Forever and Ever, by Slik (their 1st and only #1)
1 week, from 8th – 15th February 1976
Hmm. Initially I had to do a double take, as I thought it should have been ‘Silk’. Some smooth and silky, mid-seventies soul perhaps. But no, ‘Slik’ it is, and they kick off their one and only #1 single with some church organs, and some ominous chanting. I have genuinely never heard this song before…
When the vocals come in, they come in a Scottish accent. Make that two Scottish chart-toppers out of the past four. As it was in the beginning, Then so should it end… Are we at a funeral…? Don’t let a lover, Become just a friend… It’s quite new-wave, the synthy heartbeats and the half-spoken delivery.
Come chorus time, though, I am pleased to announce: glam is back. The bridge hints at it – the guitars start to growl as the singer builds it up in his best Glaswegian: didnae ya know, didnae ya feel… Then boom. It’s a chorus straight out of 1973, worthy of Wizzard or Eurovision-era ABBA: I dedicate to you, All my love, My whole life through, I’ll love you. Forever and ever…
As a declaration of love, it’s a bit much, a bit stalkery. As a pop song, it’s great. I’m really enjoying this. Why isn’t this on all the seventies ‘Best Ofs’, alongside ‘See Me Baby Jive’ and ‘Come Up and See Me’? The way it spins on a sixpence, from verse to chorus and back again, reminds me somehow of the old Johnny Preston hit from 1960, ‘Running Bear’, which also swung from goofy verses to rocking chorus.
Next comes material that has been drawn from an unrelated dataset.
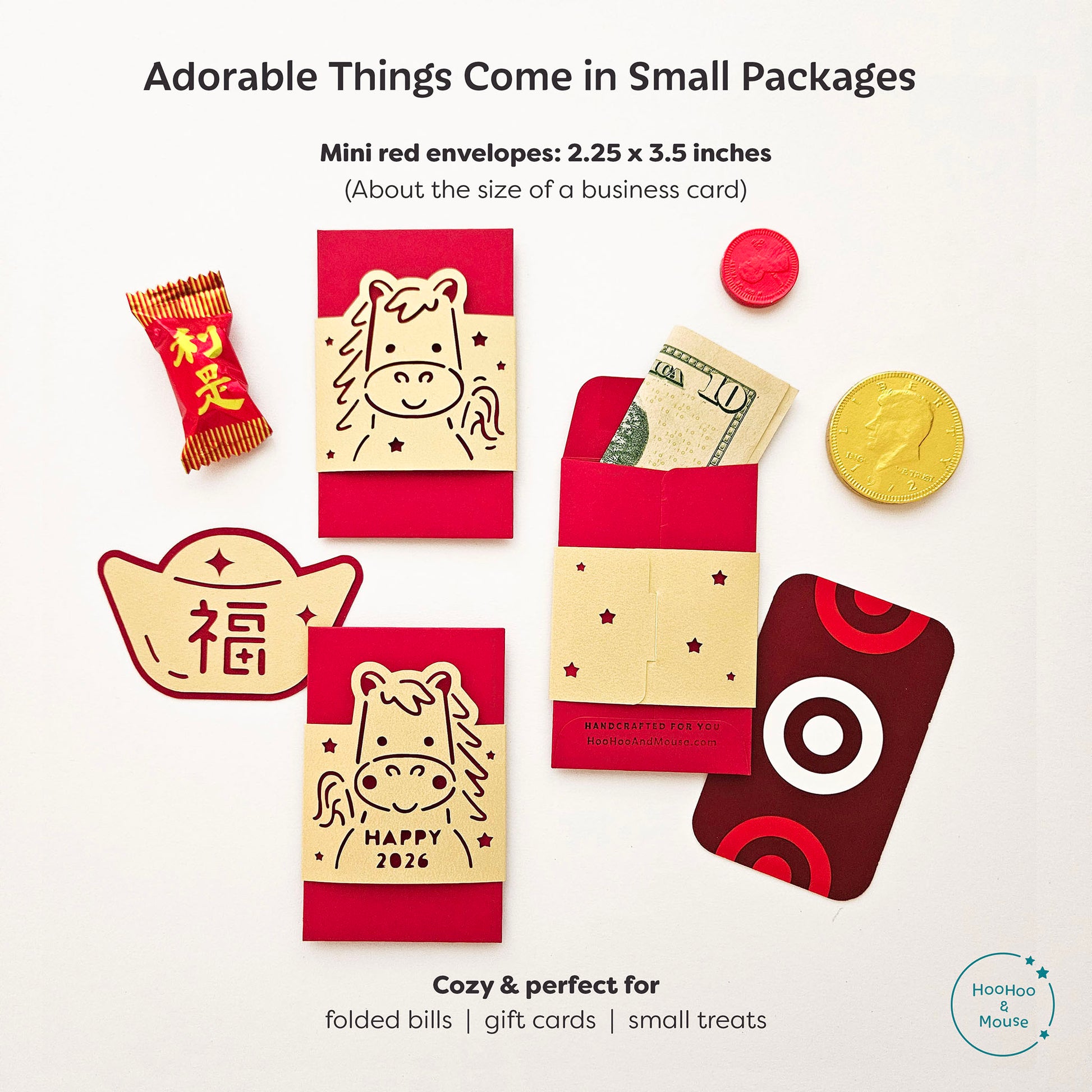 The Year of the Horse has us inspired with absolute cuteness. We created a trio of mini red envelopes full of pony personality. These pint-sized pouches pack a punch of charm and tradition, making them ideal for bestowing good fortune on the young ones at your celebration.

By the end, the rock ‘n’ roll vibe has been boosted by doo-wop backing vocals, sealing this record’s place as a hidden gem I’m very glad to have discovered. Any song that descends into doo-wop backing vocals is fine by me. Slik were a band from Glasgow, and were fronted by James ‘Midge’ Ure (all the other band members took nicknames too: Oil Slik, Lord Slik and Jim Slik… a full twenty years before the Spices!) Ure, of course, is much better known as the frontman of Ultravox, who will famously never have a #1 single, and you can definitely hear the roots of his later work in this pop hit.
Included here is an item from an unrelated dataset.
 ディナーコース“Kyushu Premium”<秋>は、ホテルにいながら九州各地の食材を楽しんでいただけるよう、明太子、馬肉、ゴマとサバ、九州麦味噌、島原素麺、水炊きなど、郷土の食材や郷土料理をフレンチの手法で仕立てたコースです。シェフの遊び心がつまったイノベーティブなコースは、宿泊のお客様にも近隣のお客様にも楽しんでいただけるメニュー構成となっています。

Slik were marketed as a new Bay City Rollers, and their hits were written by Bill Martin and Phil Coultier, who wrote many of the Rollers’ songs. This hit was turned down by the Rollers, after being recorded by 2nd rate glam rock outfit Kenny, eventually finding its way into Slik’s hands. I’d place ‘Forever and Ever’ as head and shoulders above either of the Bay City Rollers’ chart-toppers, or indeed any of their non-chart topping singles too. It’s a cracker. Slik faded away quickly, registering just once more on the Top 40, but their lead singer will be back in this countdown, in a decade or so.